Преступники обаятельны и талантливы, если они верят в чьи-то силу и ум, тогда они исключительно услуждивы и предупредительны. Этой ночью мне привели волнующего чувства и плоть прекрасного юношу. Он только что пришел этапом из малолетней колонии, достигнув восемнадцатилетия. Он был так красив и сопротивлялся моим ласкам так агрессивно, что мне больше ничего не оставалось, как вознести свое желание к этому юноше на высшую точку пронзительного прикосновения в самую суть наслаждения. Но вместо того чтобы застонать от восторга и нежности, он заорал, как взбесившийся осел, и потерял сознание. Я с отвращением сдернул его и отбросил в сторону. Все-таки нет в заключенных уголовниках «голубого шарма». К великому моему сожалению, нет.
Я включаю транзистор. Вместо обычного «Доброе утро, в эфире «Маяк», новости!» — диктор произносит кодовую фразу: «Улыбайтесь всегда и слушайте новости на волне «Маяка».

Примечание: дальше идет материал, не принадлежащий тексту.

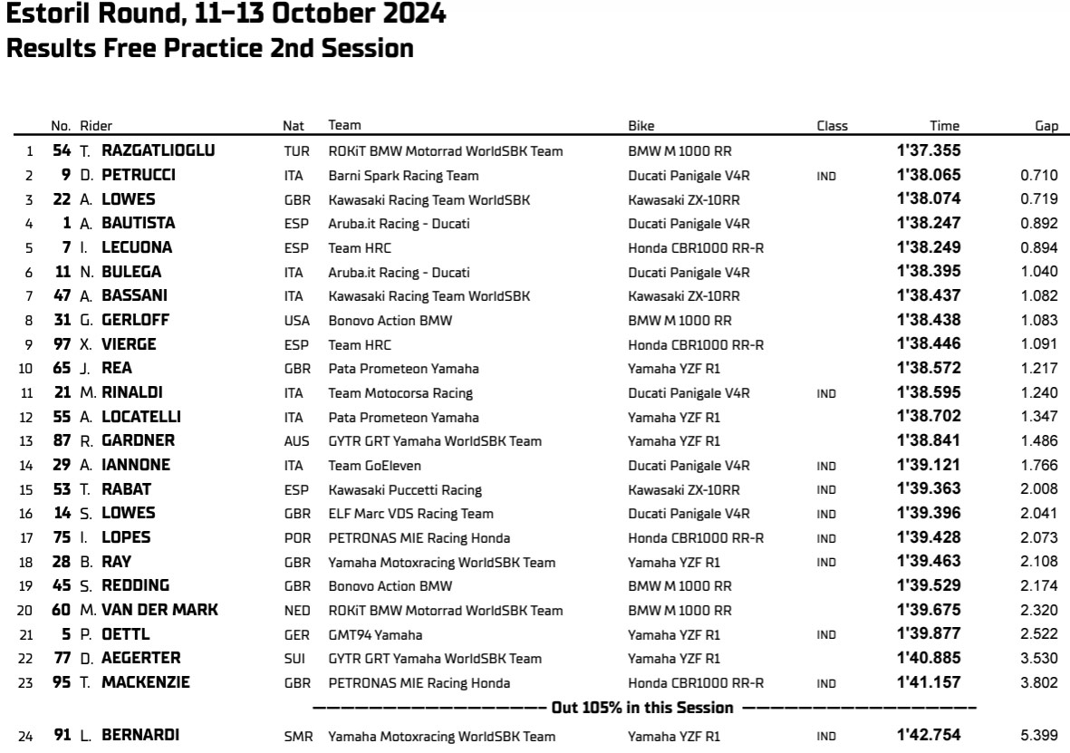 » Ce matin, les conditions étaient vraiment difficiles car il y avait pas mal de pluie et des températures froides. Les sensations n’étaient pas trop mauvaises pour moi et c’est seulement la deuxième fois que je pilote cette moto sur le mouillé, donc nous n’avons pas encore de réglages parfaits. Nous continuons à travailler pour améliorer mes sensations sur la moto. En fin de compte, ce n’était pas mal, mais pas parfait non plus. Je pense que Toprak est à un autre niveau en ce moment, mais nous voulons nous améliorer et nous rapprocher. En regardant les temps au tour d’aujourd’hui, je pense qu’un top 5 est possible, mais je veux absolument revenir sur le podium après l’avoir raté à Aragon. »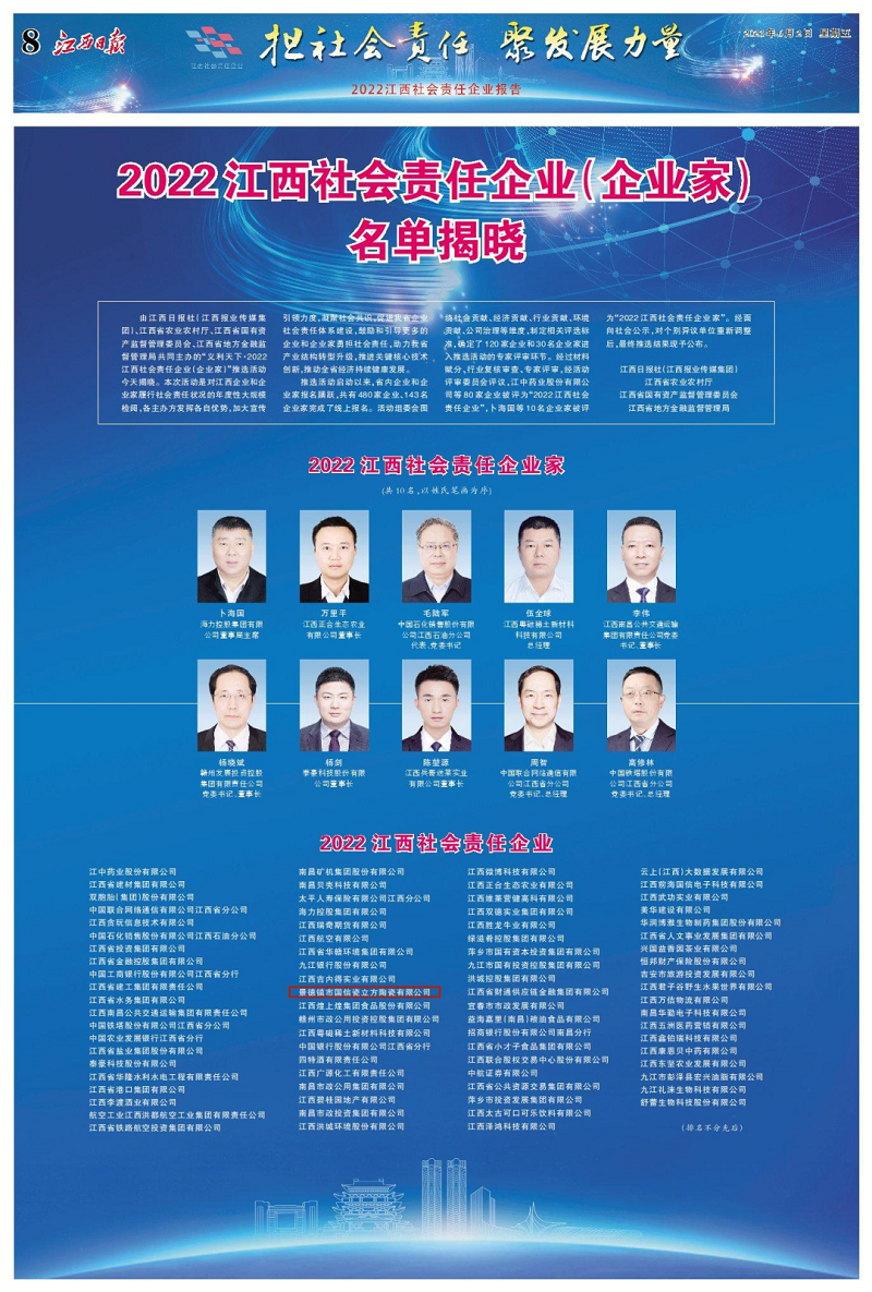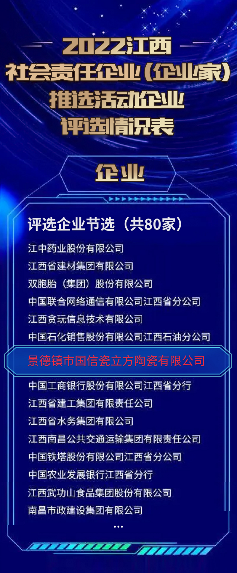 6月2日,由江西日報社(江西報業(yè)傳媒集團(tuán))、省農(nóng)業(yè)農(nóng)村廳、省國有資產(chǎn)監(jiān)督管理委員會、省地方金融監(jiān)督管理局共同主辦的“義利天下·2022江西社會責(zé)任企業(yè)(企業(yè)家)”推選活動正式揭曉,景德鎮(zhèn)市國控集團(tuán)旗下國信瓷立方陶瓷有限公司從全省480家企業(yè)中脫穎而出,成為景德鎮(zhèn)市唯一入選企業(yè)。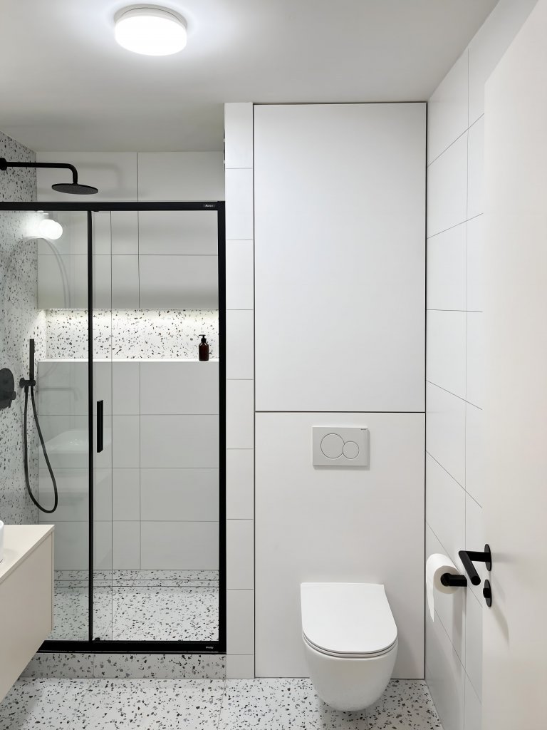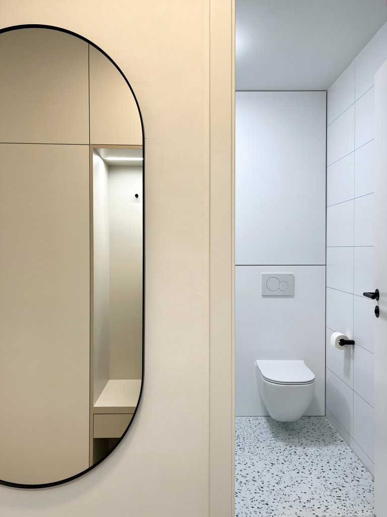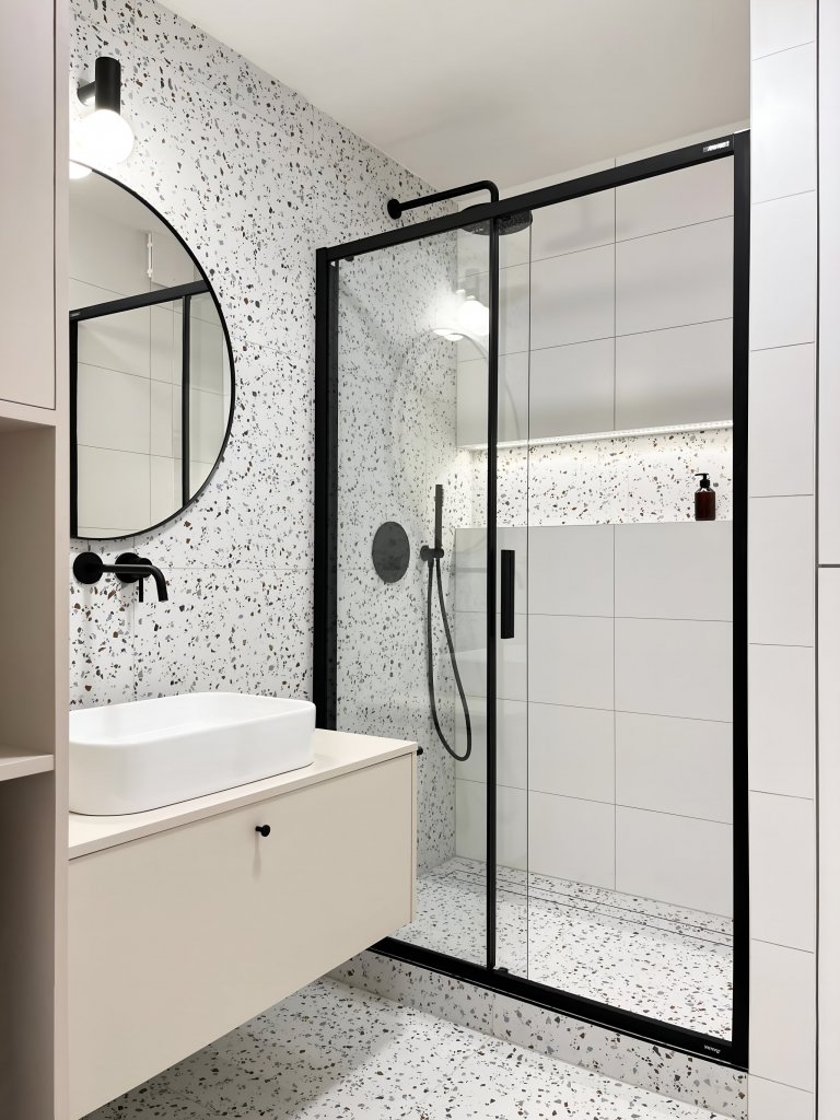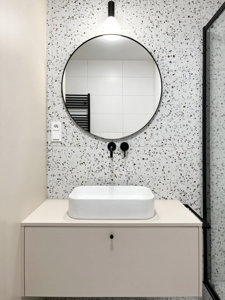 V garsonce bydlí mladá slečna, což se odrazilo na celkovém ladění interiéru. V koupelně i v kuchyni je použit obklad s dekorem hravého terazza, ke kterému je barevně laděn ostatní nábytek. Vzhledem k velikosti bytu jsou použity především světlé odstíny, které kontrastují s černým kováním, bateriemi a svítidly. Byt bude v budoucnu pravděpodobně určen k pronájmu, proto byl jeho design navržen i s ohledem na to, aby zaujal případné zájemce.
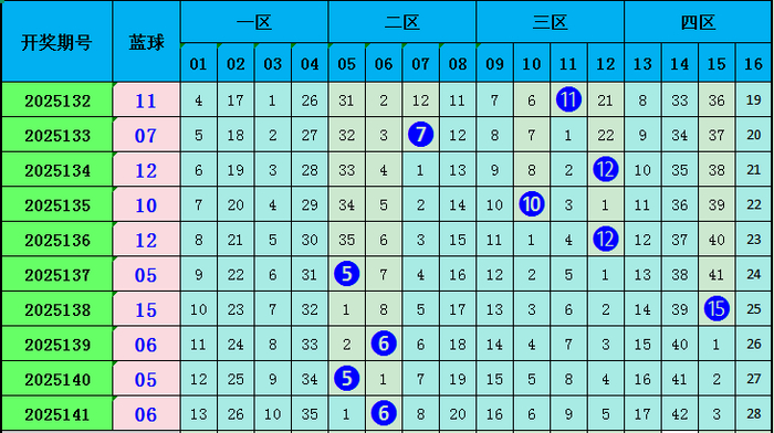 蓝球:前10期蓝球分手为:11 07 12 10 12 05 15 06 05 06,其中奇偶蓝球奇偶数球均等,本期看好偶数蓝球,参考蓝球12.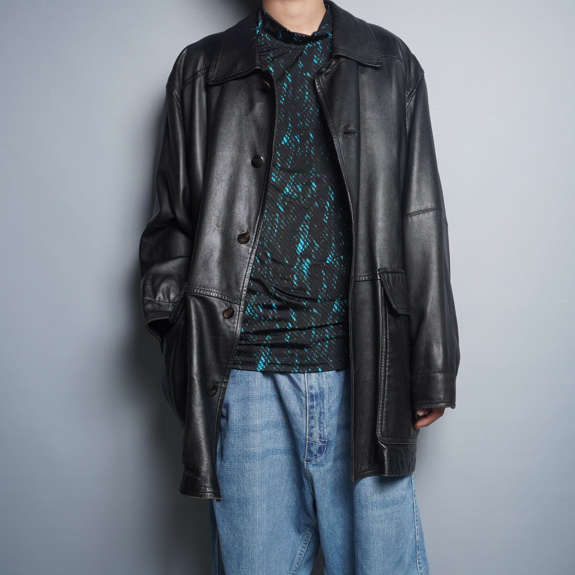 【Christian Dior】クリスチャンディオール オーバーサイズ ブラックラムレザー コート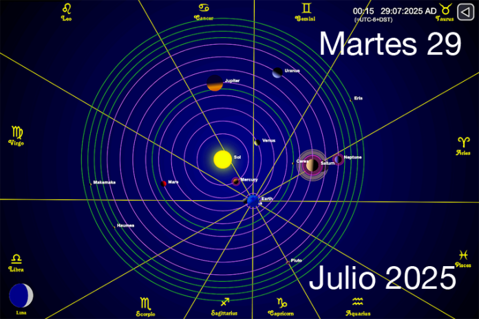 Hoy es Martes 29 de Julio es el día número 210 y faltan por transcurrir 155 días, es la semana número 31, trigésimo Martes de 2025, van 39 días de Verano y faltan 55 días para la Otoño. La piedra de nacimiento para este mes es Rubí y Onyx. Es el día lunar número 5 del mes lunar 6, la Luna está en su fase Media Luna Creciente y bajo el signo Desde 05:43 am Libra que tiene influencia en los siguientes órganos: Riñón, uréter, vejiga urinaria, venas, piel. El símbolo del día lunar es: Unicornio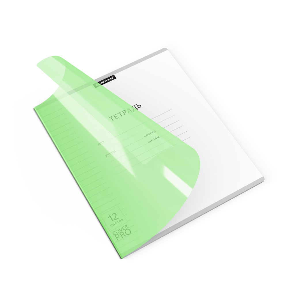 Тетрадь школьная ученическая с пластиковой обложкой на скобе ErichKrause® Классика CoverPrо Neon, зеленый, А5+, 12 листов, линейка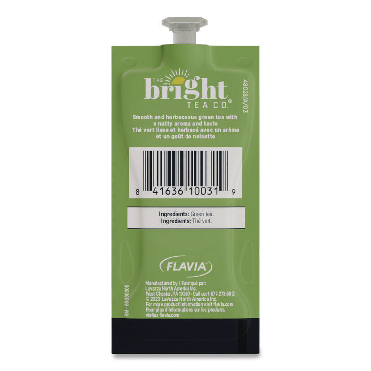 The Bright Tea Co.® Select Green Tea is a smooth and creamy tea with a nutty aroma and taste, balanced bite and sweetness. Our brewing process, where nothing touches the ingredients other than hot water, ensures your drink does not taste like previous brews. Compatible with FLAVIA® single-serve brewers. For single-serve sustainability, innovative pouches are 100 percent recyclable through Terracycle. Beverage Type: Tea; Flavor: Select Green; Product Packaging: Pouch; Capacity (Weight): 0.09 oz.

Понятно, Иван Селиверстович Марущак, человек, которому я беспрекословно и пожизненно подчиняюсь, приказал прервать отпуск и вернуться на службу. Прощайте, мои дорогие уголовники, вспоминайте меня, вашего пастыря. Господи! Они уже отправили этого юношу, испортившего мне миг наслаждения, в гаремный угол барака. Одели его в колготки, на грудь повесили табличку «Дуня». Нет, все-таки они примитивны, нет в них настоящей, пусть даже хамской, утонченности. Я улыбаюсь…
ГЛАВА ВОСЕМНАДЦАТАЯ
Доминанта смерти — запой. Черное и разрушительное пламя запоя ухмыляющимся демоном трепещет над нами. Этот демон берет своими пупырчатыми зелеными лапами наши сердца и сжимает их — инфаркт! Своими грязными когтями он проводит по человеческой печени, и прощай белый свет — цирроз! Он плюет в русла наших вен, и они забиваются чешуйчатыми бляшками — инсульт! Но в России у этого демона нет никаких перспектив, потому что на него плевали со всех колоколен, и он, зараза такой, почувствовав к себе такое отношение, слинял, ибо понял, что российский запой — это мировоззрение, от которого его, гада, не то что инфаркт-цирроз-инсульт хватит, а вообще кондратий придавит…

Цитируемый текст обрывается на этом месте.